Улица Тверская держала первенство всегда. Именно на Тверской была сделана первая мостовая, пущена первая конка, ее же первую и осветили электричеством. В честь этого события даже возник куплетец:

 
Всю Тверскую осветили,
Электричество пустили,
А в других местах прохожий
Поплатиться может рожей.
 

Тверская улица вообще располагала к поэтическому творчеству. К примеру, Петр Вяземский писал о ней в начале девятнадцатого века:

 
Здесь чудо – барские палаты
С гербом, где венчан знатный род.
Вблизи на курьих ножках хаты
И с огурцами огород.
 

И, разумеется, во времена давно минувшие, но не совсем еще позабытые, здесь разворачивалось множество занятнейших историй. Этим историям и посвящается книга.

Вратарница и Заместительница

ВОСКРЕСЕНСКИЕ ВОРОТА Китай-города были построены в 1680 году, снесены в 1931 году, а в 1996 году к 850-летнему юбилею столицы отстроены вновь.

Трудно поверить, но Тверская улица в действительности начинается не от гостиницы «Националь» и даже не от Манежной площади, а почти от самого Кремля.

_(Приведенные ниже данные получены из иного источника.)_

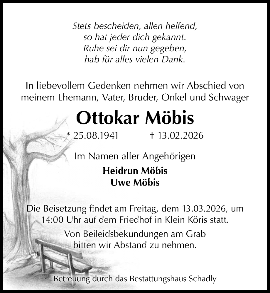 Hier finden Sie alle Traueranzeigen aus der Zeitung, die bisher für Ottokar Möbis erschienen sind. Weitere Traueranzeigen, die in der Zeitung erscheinen, werden hier ebenfalls aufgelistet
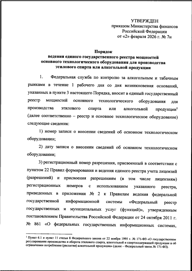 ПРИКАЗ Минфина РФ от 02.02.2026 N 7н

Точнее говоря, от Иверской часовни. Во всяком случае, столетие назад тут не было ни площади, ни длинного фасада гостиницы «Москва», а украшали это место самые обычные дома. И числились они как раз по улице Тверской.

Так что главная московская дорога отходила именно от этой достопримечательности.

А достопримечательность была, что называется, из первого разряда. Для москвичей дело привычное, а иностранцы поражались. Маркиз де Кюстин изумлялся: «Над двухпроездными воротами, через которые я вошел в кремль, помещается икона Божией Матери, написанная в греческом стиле и почитаемая всеми жителями Москвы.

Я заметил, что все, кто проходит мимо этой иконы – господа и крестьяне, светские дамы, мещане и военные, – кланяются ей и многократно осеняют себя крестом; многие, не довольствуясь этой данью почтения, останавливаются. Хорошо одетые женщины склоняются перед чудотворной Божией Матерью до земли и даже в знак смирения касаются лбом мостовой; мужчины, также не принадлежащие к низшим сословиям, опускаются на колени и крестятся без устали; все эти действия совершаются посреди улицы с проворством и беззаботностью, обличающими не столько благочестие, сколько привычку».

Праздный турист, конечно, все напутал. Через Воскресенские ворота он вошел не в Кремль, а всего лишь на Красную площадь. Икона размещалась не над арками ворот, а в специально возведенной часовне между ними. Да и обвинять благочестивых москвичей в простой привычке к поклонению Иверской иконе было, мягко говоря, решением поспешным.

Говорил же господину де Кюстину его слуга (из итальянцев, но довольно долго проживший в России):

– Поверьте мне, синьор, эта Мадонна творит чудеса, причем настоящие, самые настоящие чудеса, не то что у нас: в этой стране все чудеса настоящие.

Не поверил ироничный скептик своему слуге и гиду, ну да ладно. Как явился, так и укатил обратно. Для москвичей, в конце концов, было не так уж важно мнение заезжего исследователя московских нравов.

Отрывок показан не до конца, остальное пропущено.